# DATA RECORDS:
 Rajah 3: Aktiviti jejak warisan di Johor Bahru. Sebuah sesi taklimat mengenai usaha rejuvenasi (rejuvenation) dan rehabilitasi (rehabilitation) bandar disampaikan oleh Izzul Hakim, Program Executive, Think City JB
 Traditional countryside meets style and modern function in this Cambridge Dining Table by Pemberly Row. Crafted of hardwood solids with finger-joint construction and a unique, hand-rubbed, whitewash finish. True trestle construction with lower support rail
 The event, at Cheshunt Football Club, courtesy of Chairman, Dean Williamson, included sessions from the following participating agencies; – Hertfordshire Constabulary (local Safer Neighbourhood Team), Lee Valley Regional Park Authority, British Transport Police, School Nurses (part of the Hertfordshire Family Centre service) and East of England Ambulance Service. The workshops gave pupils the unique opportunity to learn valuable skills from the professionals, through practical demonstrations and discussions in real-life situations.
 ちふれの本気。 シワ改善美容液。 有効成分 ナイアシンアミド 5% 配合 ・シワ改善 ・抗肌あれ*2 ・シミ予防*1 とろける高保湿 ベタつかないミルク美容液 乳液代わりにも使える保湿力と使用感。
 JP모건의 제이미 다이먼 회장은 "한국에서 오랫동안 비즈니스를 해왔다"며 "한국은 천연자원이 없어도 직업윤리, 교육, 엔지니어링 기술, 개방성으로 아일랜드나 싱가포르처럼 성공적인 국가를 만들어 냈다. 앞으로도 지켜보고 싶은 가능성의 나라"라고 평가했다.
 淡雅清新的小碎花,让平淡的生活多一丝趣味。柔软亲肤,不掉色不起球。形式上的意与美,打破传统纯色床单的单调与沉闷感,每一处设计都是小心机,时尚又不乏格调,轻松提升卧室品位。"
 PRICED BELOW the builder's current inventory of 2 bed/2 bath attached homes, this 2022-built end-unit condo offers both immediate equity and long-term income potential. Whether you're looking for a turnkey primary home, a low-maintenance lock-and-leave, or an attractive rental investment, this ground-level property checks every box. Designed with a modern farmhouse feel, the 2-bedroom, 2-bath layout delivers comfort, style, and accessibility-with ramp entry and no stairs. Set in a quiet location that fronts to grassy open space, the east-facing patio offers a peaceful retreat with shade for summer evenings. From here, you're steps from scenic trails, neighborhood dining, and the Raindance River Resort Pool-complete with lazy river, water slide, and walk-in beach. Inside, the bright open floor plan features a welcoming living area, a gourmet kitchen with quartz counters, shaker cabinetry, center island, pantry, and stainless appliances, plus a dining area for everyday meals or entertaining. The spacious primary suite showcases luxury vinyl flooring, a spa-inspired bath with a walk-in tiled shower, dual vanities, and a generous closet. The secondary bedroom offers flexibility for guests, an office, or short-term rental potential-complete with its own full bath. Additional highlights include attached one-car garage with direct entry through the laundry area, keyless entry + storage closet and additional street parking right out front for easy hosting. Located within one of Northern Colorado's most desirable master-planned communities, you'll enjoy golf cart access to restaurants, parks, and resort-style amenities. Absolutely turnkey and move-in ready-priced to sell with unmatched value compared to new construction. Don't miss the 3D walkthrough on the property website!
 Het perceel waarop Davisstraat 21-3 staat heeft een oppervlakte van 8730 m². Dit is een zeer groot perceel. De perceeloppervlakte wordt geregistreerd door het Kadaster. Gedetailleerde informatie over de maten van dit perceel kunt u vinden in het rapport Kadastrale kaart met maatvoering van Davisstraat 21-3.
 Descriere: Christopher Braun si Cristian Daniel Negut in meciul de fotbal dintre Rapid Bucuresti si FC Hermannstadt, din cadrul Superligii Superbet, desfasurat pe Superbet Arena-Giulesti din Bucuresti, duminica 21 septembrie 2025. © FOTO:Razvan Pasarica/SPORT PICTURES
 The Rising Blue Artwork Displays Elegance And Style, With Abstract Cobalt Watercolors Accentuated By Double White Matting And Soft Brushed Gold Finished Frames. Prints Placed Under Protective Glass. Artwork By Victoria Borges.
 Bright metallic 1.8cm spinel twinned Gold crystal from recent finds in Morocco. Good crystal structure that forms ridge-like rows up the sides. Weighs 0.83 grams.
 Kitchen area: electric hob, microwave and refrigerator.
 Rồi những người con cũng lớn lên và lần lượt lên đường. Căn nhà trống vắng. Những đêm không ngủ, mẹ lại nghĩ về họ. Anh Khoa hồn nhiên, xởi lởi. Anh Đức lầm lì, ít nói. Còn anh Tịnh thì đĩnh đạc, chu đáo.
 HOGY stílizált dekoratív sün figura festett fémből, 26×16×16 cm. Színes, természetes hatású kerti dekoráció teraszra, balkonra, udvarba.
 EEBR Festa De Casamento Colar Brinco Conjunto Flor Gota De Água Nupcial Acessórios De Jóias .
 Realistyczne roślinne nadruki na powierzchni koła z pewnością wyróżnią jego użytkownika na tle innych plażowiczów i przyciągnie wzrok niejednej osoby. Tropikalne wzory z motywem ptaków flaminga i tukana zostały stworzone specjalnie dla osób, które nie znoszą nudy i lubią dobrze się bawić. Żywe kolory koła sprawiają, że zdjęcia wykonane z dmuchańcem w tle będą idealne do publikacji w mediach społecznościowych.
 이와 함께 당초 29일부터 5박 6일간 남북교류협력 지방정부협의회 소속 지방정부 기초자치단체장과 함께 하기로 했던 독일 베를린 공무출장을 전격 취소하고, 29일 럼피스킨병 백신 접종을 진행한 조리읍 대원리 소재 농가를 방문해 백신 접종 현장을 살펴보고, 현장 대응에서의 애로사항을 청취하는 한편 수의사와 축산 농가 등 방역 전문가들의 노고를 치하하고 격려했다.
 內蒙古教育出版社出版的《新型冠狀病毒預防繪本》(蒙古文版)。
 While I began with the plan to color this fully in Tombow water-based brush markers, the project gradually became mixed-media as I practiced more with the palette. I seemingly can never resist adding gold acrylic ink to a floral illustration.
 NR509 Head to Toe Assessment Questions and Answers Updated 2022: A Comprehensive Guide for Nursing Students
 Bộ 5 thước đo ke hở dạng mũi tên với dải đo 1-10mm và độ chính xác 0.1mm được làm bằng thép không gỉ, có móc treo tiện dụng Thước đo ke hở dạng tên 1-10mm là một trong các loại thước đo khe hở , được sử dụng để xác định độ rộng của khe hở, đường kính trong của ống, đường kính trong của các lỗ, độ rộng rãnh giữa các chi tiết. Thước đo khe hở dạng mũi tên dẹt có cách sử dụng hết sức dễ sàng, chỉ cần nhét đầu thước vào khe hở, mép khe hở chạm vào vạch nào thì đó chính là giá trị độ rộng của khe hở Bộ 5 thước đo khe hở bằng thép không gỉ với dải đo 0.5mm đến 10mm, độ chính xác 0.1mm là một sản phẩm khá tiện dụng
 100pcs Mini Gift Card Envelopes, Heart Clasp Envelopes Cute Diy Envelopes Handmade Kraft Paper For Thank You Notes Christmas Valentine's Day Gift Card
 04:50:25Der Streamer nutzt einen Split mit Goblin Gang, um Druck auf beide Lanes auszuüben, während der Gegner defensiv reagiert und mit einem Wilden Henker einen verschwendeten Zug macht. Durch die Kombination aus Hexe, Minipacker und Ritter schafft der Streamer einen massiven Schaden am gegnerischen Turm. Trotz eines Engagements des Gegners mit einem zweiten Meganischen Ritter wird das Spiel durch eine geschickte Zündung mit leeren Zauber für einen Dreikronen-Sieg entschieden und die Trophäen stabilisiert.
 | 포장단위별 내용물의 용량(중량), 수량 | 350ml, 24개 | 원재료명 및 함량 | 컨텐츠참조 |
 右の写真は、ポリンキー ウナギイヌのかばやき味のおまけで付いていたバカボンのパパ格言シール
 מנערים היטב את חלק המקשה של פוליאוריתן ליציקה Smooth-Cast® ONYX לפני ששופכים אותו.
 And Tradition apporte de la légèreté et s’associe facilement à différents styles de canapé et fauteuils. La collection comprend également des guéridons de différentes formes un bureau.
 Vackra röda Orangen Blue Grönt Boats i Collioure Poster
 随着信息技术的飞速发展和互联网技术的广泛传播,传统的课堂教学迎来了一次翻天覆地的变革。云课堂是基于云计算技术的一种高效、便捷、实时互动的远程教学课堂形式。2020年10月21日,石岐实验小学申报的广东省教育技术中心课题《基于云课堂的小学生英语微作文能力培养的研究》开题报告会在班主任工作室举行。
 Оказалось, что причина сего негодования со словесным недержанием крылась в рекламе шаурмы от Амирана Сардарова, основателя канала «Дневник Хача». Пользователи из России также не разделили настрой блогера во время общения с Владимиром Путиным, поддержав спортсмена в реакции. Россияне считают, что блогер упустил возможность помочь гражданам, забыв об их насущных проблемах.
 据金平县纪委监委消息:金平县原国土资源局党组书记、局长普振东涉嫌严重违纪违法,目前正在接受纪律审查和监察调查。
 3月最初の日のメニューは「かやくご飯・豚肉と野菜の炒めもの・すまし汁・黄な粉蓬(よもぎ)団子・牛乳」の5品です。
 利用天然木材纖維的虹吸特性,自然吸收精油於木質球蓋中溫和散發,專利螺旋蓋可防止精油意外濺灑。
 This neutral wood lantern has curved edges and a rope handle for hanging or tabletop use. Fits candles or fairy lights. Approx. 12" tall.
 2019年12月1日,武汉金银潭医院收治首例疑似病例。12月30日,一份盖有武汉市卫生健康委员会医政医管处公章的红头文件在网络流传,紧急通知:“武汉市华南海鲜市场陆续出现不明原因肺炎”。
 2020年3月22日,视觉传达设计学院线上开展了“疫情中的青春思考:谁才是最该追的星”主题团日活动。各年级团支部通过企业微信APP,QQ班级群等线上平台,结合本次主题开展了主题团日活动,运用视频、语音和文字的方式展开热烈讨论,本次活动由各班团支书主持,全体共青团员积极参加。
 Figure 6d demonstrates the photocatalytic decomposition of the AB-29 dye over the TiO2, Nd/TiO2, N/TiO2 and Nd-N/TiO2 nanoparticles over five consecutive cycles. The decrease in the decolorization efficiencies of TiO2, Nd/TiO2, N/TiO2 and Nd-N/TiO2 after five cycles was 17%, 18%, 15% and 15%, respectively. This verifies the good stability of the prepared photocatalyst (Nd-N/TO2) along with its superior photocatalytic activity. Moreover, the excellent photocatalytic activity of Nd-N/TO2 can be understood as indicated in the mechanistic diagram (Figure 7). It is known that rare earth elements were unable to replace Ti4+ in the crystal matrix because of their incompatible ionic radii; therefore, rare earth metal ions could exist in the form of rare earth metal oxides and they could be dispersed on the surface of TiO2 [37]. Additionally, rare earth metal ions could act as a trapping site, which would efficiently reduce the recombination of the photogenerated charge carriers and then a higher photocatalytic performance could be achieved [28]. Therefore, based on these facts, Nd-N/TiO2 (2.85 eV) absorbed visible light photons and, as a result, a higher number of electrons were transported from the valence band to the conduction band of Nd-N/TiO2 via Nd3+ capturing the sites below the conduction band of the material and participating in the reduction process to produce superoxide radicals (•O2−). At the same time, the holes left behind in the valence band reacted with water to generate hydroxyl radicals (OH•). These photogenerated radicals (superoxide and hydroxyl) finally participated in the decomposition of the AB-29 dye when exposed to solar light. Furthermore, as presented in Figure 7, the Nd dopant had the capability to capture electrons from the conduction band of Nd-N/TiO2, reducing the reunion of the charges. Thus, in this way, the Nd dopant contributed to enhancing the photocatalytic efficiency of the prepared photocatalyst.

# EXERCISE OBJECTIVE:
Pull every line containing the string "không" out of the data above and copy it.

# WRITTEN REPLY:
 Rồi những người con cũng lớn lên và lần lượt lên đường. Căn nhà trống vắng. Những đêm không ngủ, mẹ lại nghĩ về họ. Anh Khoa hồn nhiên, xởi lởi. Anh Đức lầm lì, ít nói. Còn anh Tịnh thì đĩnh đạc, chu đáo.
 Bộ 5 thước đo ke hở dạng mũi tên với dải đo 1-10mm và độ chính xác 0.1mm được làm bằng thép không gỉ, có móc treo tiện dụng Thước đo ke hở dạng tên 1-10mm là một trong các loại thước đo khe hở , được sử dụng để xác định độ rộng của khe hở, đường kính trong của ống, đường kính trong của các lỗ, độ rộng rãnh giữa các chi tiết. Thước đo khe hở dạng mũi tên dẹt có cách sử dụng hết sức dễ sàng, chỉ cần nhét đầu thước vào khe hở, mép khe hở chạm vào vạch nào thì đó chính là giá trị độ rộng của khe hở Bộ 5 thước đo khe hở bằng thép không gỉ với dải đo 0.5mm đến 10mm, độ chính xác 0.1mm là một sản phẩm khá tiện dụng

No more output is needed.